In December of 1980, Armando Bergallo and Hector Vilche made me part of Tallèr Amsterdam, the theater/ art coop, they founded twenty years earlier in Uruguay. In 1983 I met Afro-American director Rufus Collins (see also) , former member of the original Living Theater. Rufus was invited by the Dutch government to start a multicultural theater company. Together we put our signatures on several shows (and Yes! Rufus introduced me to the uncle of his Godchild, Mick Jagger). I enjoyed working with people who had another cultural background than my own. Soon theater critic Lieke van Duin named me THE designer of the so called minority theater companies.
In 1984, I founded S'ABeL, a nonprofit, so I could apply for local and federal grants to realize my own projects. Literary aspects of the theater became more and more important. I started writing and making studio art.
A cultural exchange between Texas and the Netherlands inspired me to visit Austin in 1987. Coleman Jennings, then Chair of the Drama Department at UT, urged me to return. The Gerard Hordijk Reis Fonds for Artists (part of Prince Bernhard Foundation) awarded me a grant which enabled me to get a workspace at UT's Performing Arts Center in 1992.

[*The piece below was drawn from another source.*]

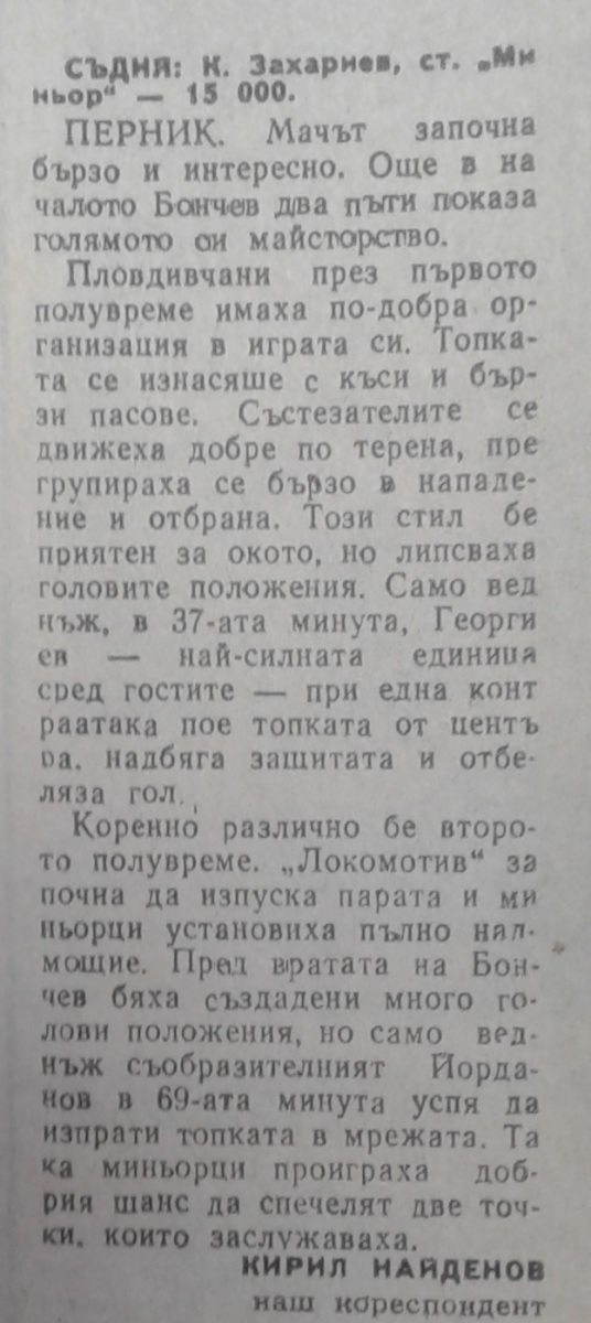 Евлоги Банчев (Миньор) провёл свой 150-й матч в А РФГ.

Convinced that my fun and colorful theater designs ought to be put in mass production, Zia & Iqbal Lukmani invited me to Bombay in 1989. They offered me an office in Bombay's tax free zone and the directors of the Bombay based Khadi Cotton Emporium –with 400 hand loom villages all over India– asked me to be their designer. Back in Amsterdam I got a call, "could I cook for the cast and crew of Romeo, a movie starring Monique van der Ven?" I said yes.